YOUR GOAL: Excluding pictures, retype exactly the lines from the one with "Source: Bloomberg Finance" through the end of the records that follow.
BEGIN
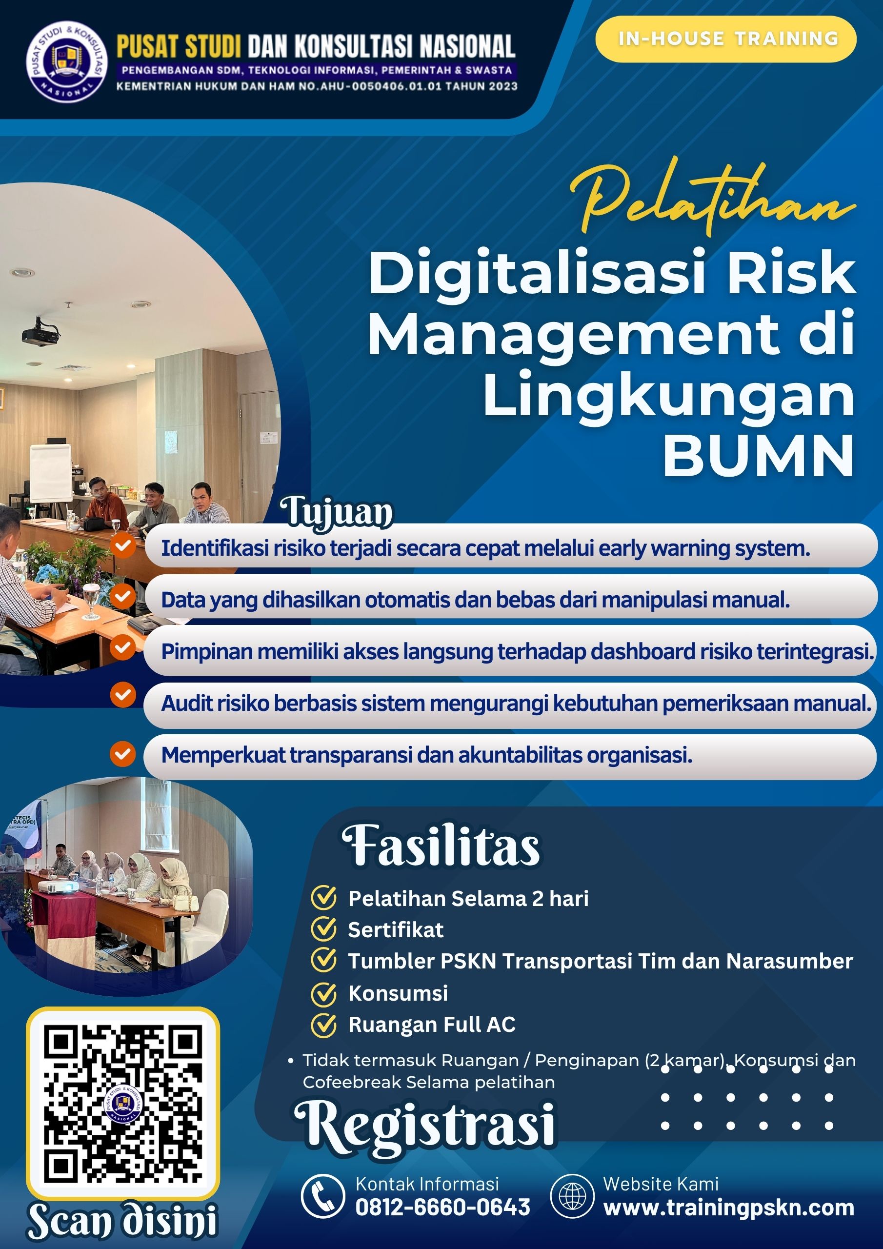 Implementasi ini erat kaitannya dengan pelaksanaan program pelatihan seperti Pelatihan Penguatan Tata Kelola Risiko di Anak Perusahaan dan Afiliasi BUMN, yang menjadi fondasi penting dalam membangun tata kelola risiko terintegrasi dan modern di lingkungan korporasi negara.
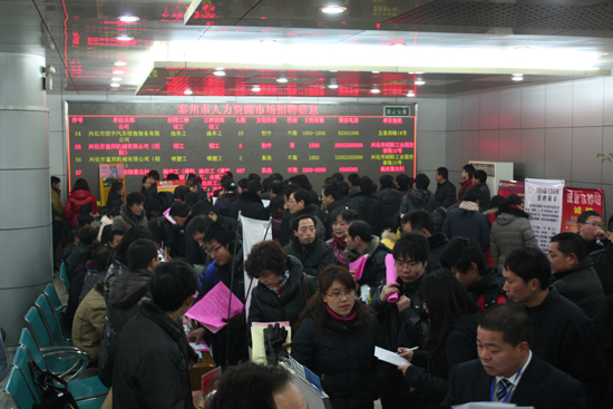 ?。苍拢保比丈衔纾汉锨?。江蘇省興化市人力資源市場內(nèi)熱氣騰騰:130多家企業(yè)在這里設(shè)攤擺點,廣招賢才。市人社局局長劉廣華告訴我們,這次2011年新春就業(yè)大型招聘會,共提供就業(yè)崗位5000多個,有6000多求職者進入市場,兩天時間已有3132應(yīng)聘者達(dá)成錄用意向。其中有2500人是返鄉(xiāng)的農(nóng)民工。
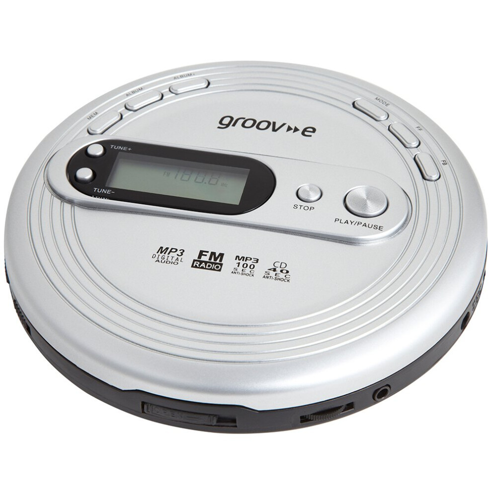 Groov-e Retro Series Personal CD Player + Radio MP3 Playback and Earphones Silver
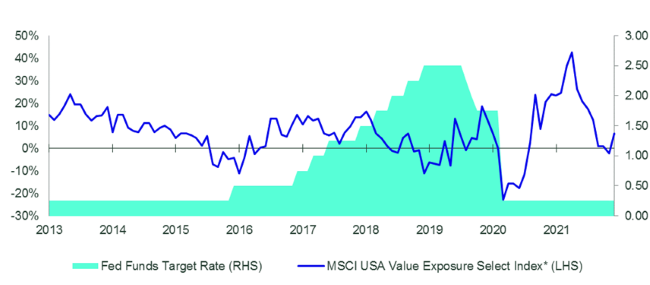 Source: Bloomberg Finance L.P., as of 31 December 2021. Index performance based on monthly net total return in USD. *The MSCI USA Value Exposure Select Index was incepted on 18 February 2015. Results prior to this date were calculated by using available data at the time in accordance with the current index methodology. Past performance is no guarantee of future results. It is not possible to invest directly into an index. Index returns are unmanaged and do not reflect the deduction of any fees or expenses. Index returns reflect all items of income, gain and loss and the reinvestment of dividends and other income as applicable.
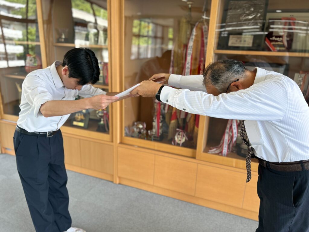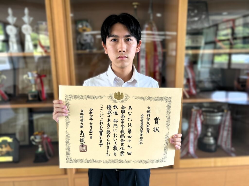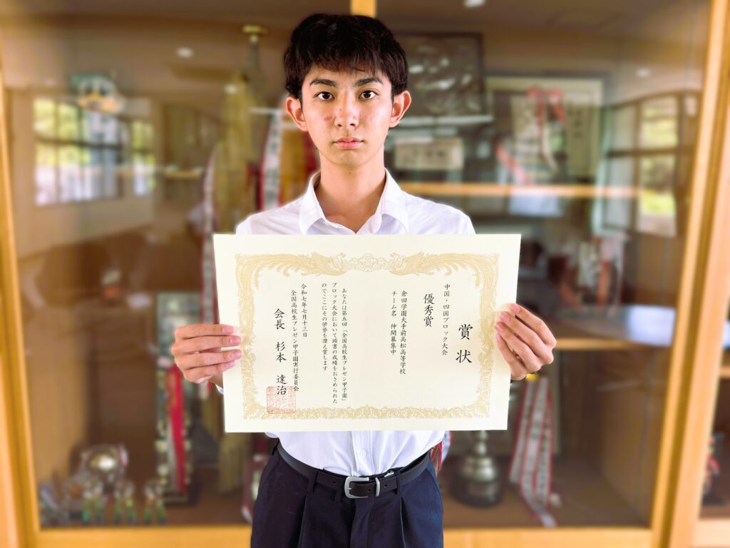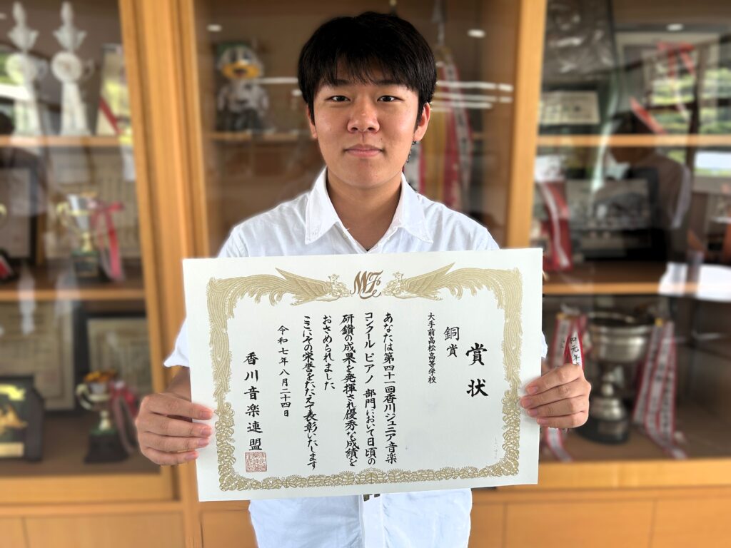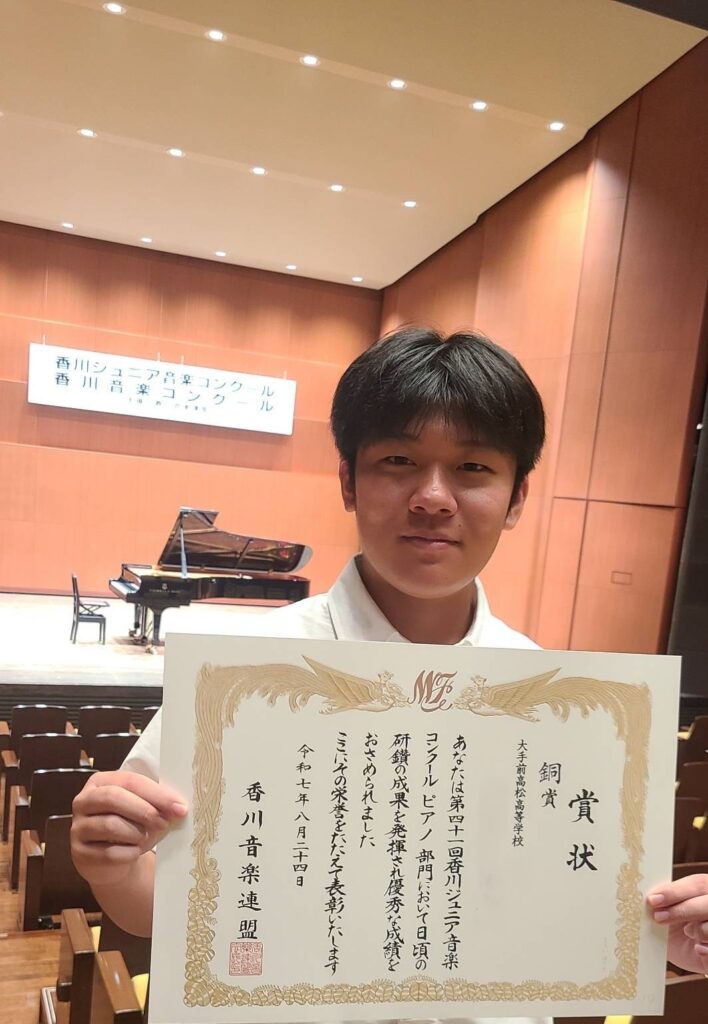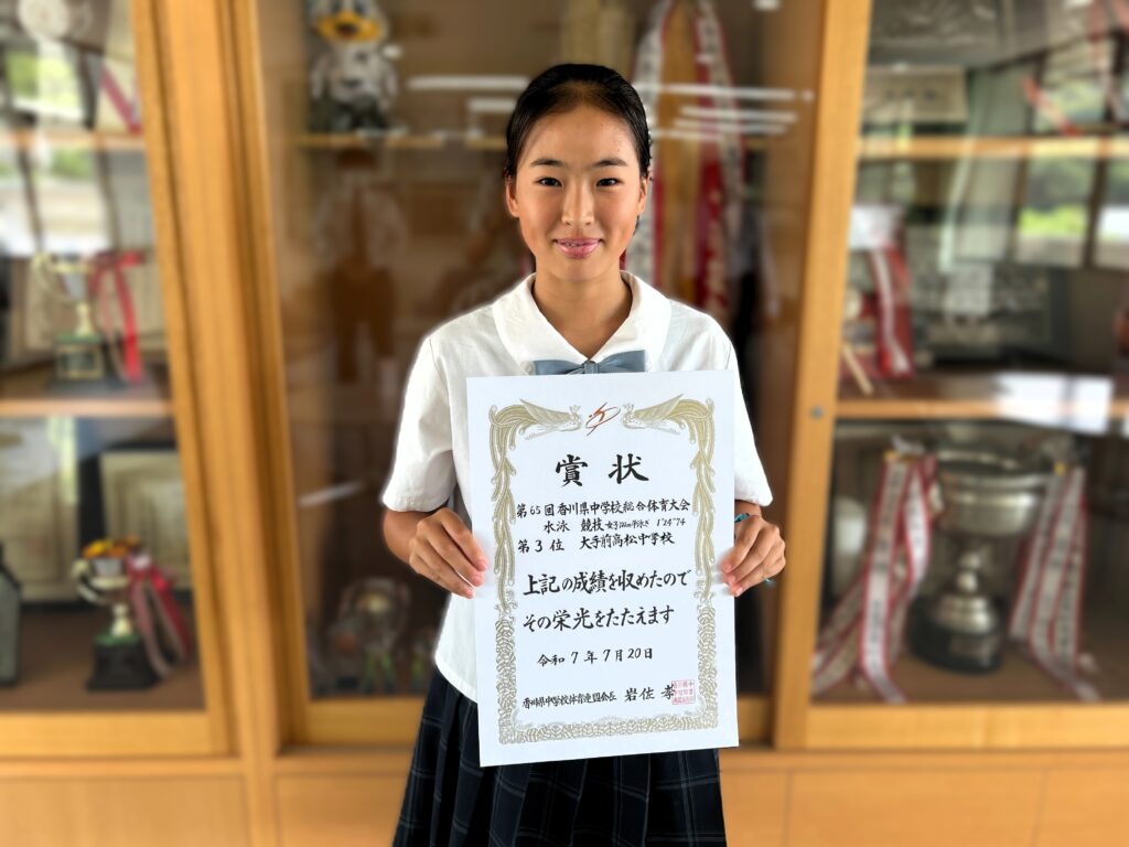 表彰【放送、中学野球、プレゼン、水泳、ピアノ】 2025.08.28 放送 第四十九回全国高等学校総合文化祭放送部門 文部科学大臣賞朗読部門 優秀賞 中学野球部 第17回蔦文也杯選抜野球大会 準優勝 第五回全国高校生プレゼン甲子園 中国・四国ブロック大会 優秀賞 中学総体 水泳競技 女子100m平泳ぎ 第3位 第41回香川ジュニア音楽コンクール ピアノ部門 銅賞受賞
END
OUTPUT FOR THIS EXERCISE:
 Source: Bloomberg Finance L.P., as of 31 December 2021. Index performance based on monthly net total return in USD. *The MSCI USA Value Exposure Select Index was incepted on 18 February 2015. Results prior to this date were calculated by using available data at the time in accordance with the current index methodology. Past performance is no guarantee of future results. It is not possible to invest directly into an index. Index returns are unmanaged and do not reflect the deduction of any fees or expenses. Index returns reflect all items of income, gain and loss and the reinvestment of dividends and other income as applicable.
 表彰【放送、中学野球、プレゼン、水泳、ピアノ】 2025.08.28 放送 第四十九回全国高等学校総合文化祭放送部門 文部科学大臣賞朗読部門 優秀賞 中学野球部 第17回蔦文也杯選抜野球大会 準優勝 第五回全国高校生プレゼン甲子園 中国・四国ブロック大会 優秀賞 中学総体 水泳競技 女子100m平泳ぎ 第3位 第41回香川ジュニア音楽コンクール ピアノ部門 銅賞受賞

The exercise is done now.